SUPPLIED ENTRIES:

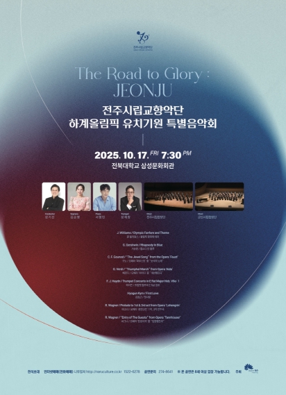 전주시립교향악단은 오는 17일 오후 7시 30분, 전북대학교 삼성문화회관에서 시민과 지역사회가 함께 올림픽 유치의 뜻을 나누는 특별음악회 ‘The Road to Glory: Jeonju’를 개최한다.
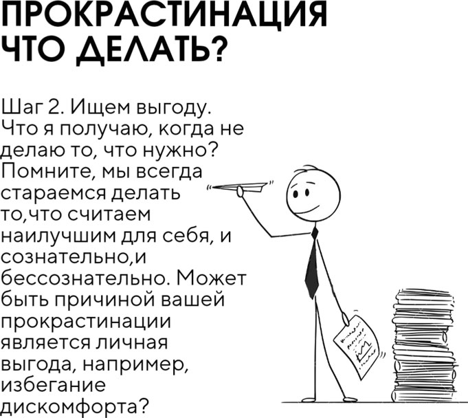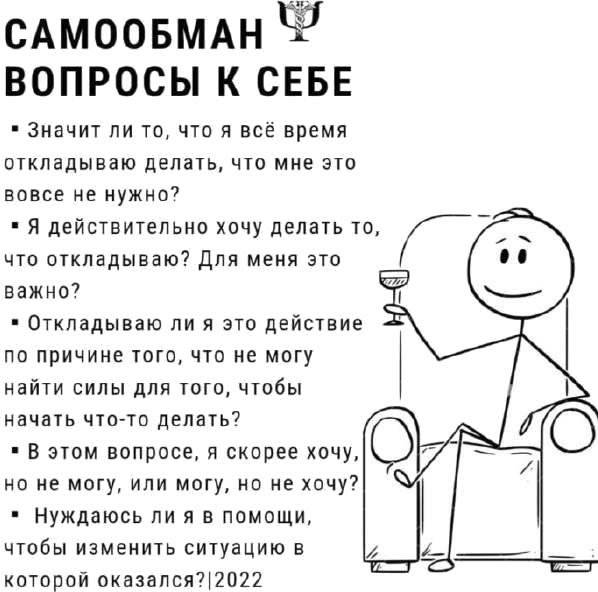 В таких случаях техники тайм-менеджмента и осознанности в помощь. Они также могут помочь понять, что ты, возможно, всё время откладываешь то, что вовсе не хочешь делать. Да, такое бывает, и довольно часто. Просто в таких ситуациях гнёт долженствования не даёт это увидеть. Но что делать с более глубинными и неочевидными мотивами к прокрастинации?
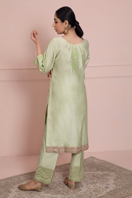 Green Chanderi V Neck Chikankari Kurta And Pant Set
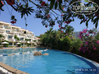 Про территорию: очень много растительности. Всё цветёт! На территории отеля красота. За цветами ухаживают, поливают. Отель состоит из нескольких соединённых между собой корпусов, есть 2 бассейна, детский уголок. По утрам в бассейне включают водопад! Мы несколько часов гуляли, фотались на территории отеля. И, действительно, есть номера без вида, т.е. на уровне подвала. Отель находится на горе, т.е. он-разноуровневый. И, конечно, чем выше этаж, тем лучше!
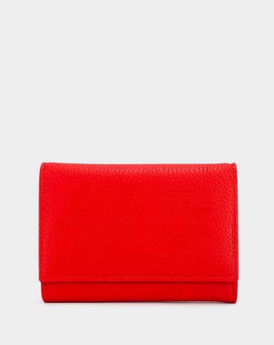 Женски паричник изработен од мазна природна кожа во портокалово-црвена нијанса. Нуди расклоплив дизајн со прегради за картички, фотографии и документи, дополнет со сигурно затворање на копче за практична организација.
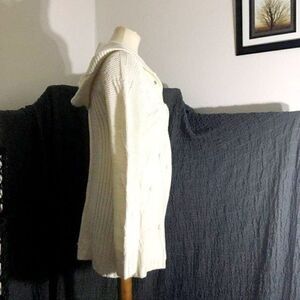 Cream color, knit hooded sweater. Buttons front closure. Pre-owned in good condition. Please refer to pictures for best description and condition verification.
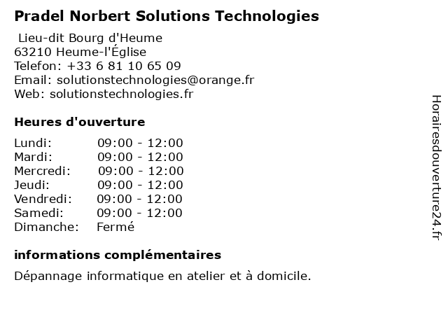 | Samedi | 09:00-12:00 |
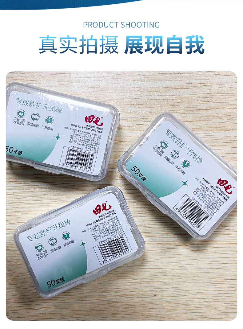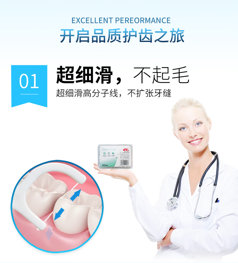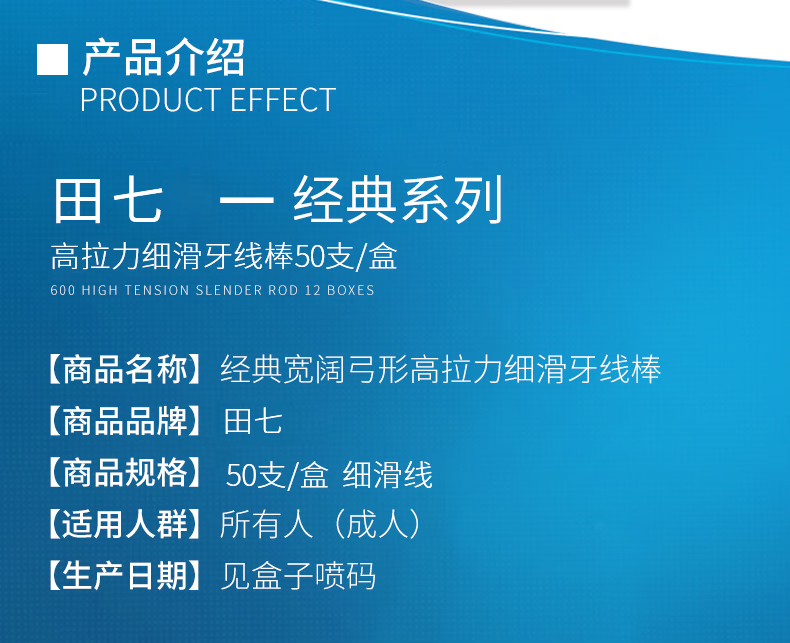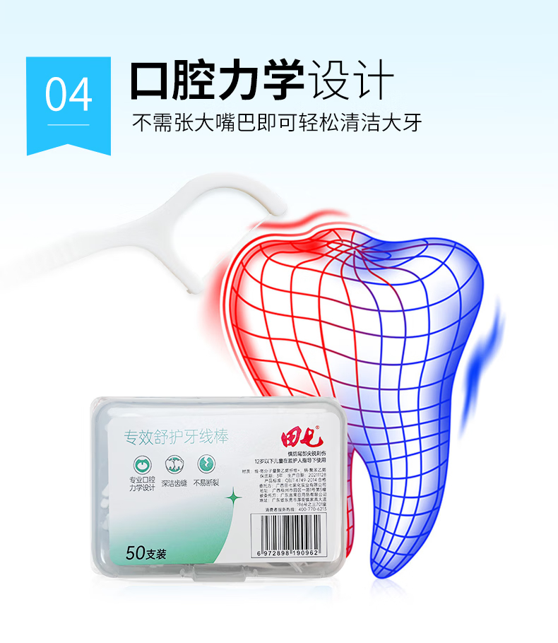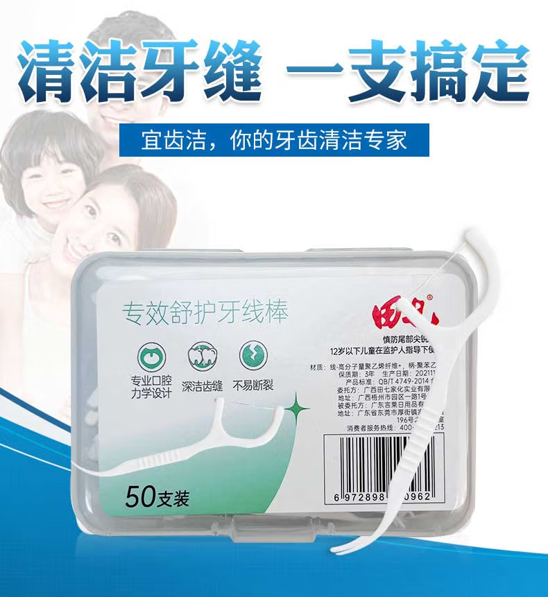 商品名称:田七专效舒护牙线棒50支(盒装) 单位:盒 白色

ABOUT THIS TASK: Write the records above out again word for word, skipping each picture.

TASK RESULT:
 전주시립교향악단은 오는 17일 오후 7시 30분, 전북대학교 삼성문화회관에서 시민과 지역사회가 함께 올림픽 유치의 뜻을 나누는 특별음악회 ‘The Road to Glory: Jeonju’를 개최한다.
 В таких случаях техники тайм-менеджмента и осознанности в помощь. Они также могут помочь понять, что ты, возможно, всё время откладываешь то, что вовсе не хочешь делать. Да, такое бывает, и довольно часто. Просто в таких ситуациях гнёт долженствования не даёт это увидеть. Но что делать с более глубинными и неочевидными мотивами к прокрастинации?
 Green Chanderi V Neck Chikankari Kurta And Pant Set
 Про территорию: очень много растительности. Всё цветёт! На территории отеля красота. За цветами ухаживают, поливают. Отель состоит из нескольких соединённых между собой корпусов, есть 2 бассейна, детский уголок. По утрам в бассейне включают водопад! Мы несколько часов гуляли, фотались на территории отеля. И, действительно, есть номера без вида, т.е. на уровне подвала. Отель находится на горе, т.е. он-разноуровневый. И, конечно, чем выше этаж, тем лучше!
 Женски паричник изработен од мазна природна кожа во портокалово-црвена нијанса. Нуди расклоплив дизајн со прегради за картички, фотографии и документи, дополнет со сигурно затворање на копче за практична организација.
 Cream color, knit hooded sweater. Buttons front closure. Pre-owned in good condition. Please refer to pictures for best description and condition verification.
 | Samedi | 09:00-12:00 |
 商品名称:田七专效舒护牙线棒50支(盒装) 单位:盒 白色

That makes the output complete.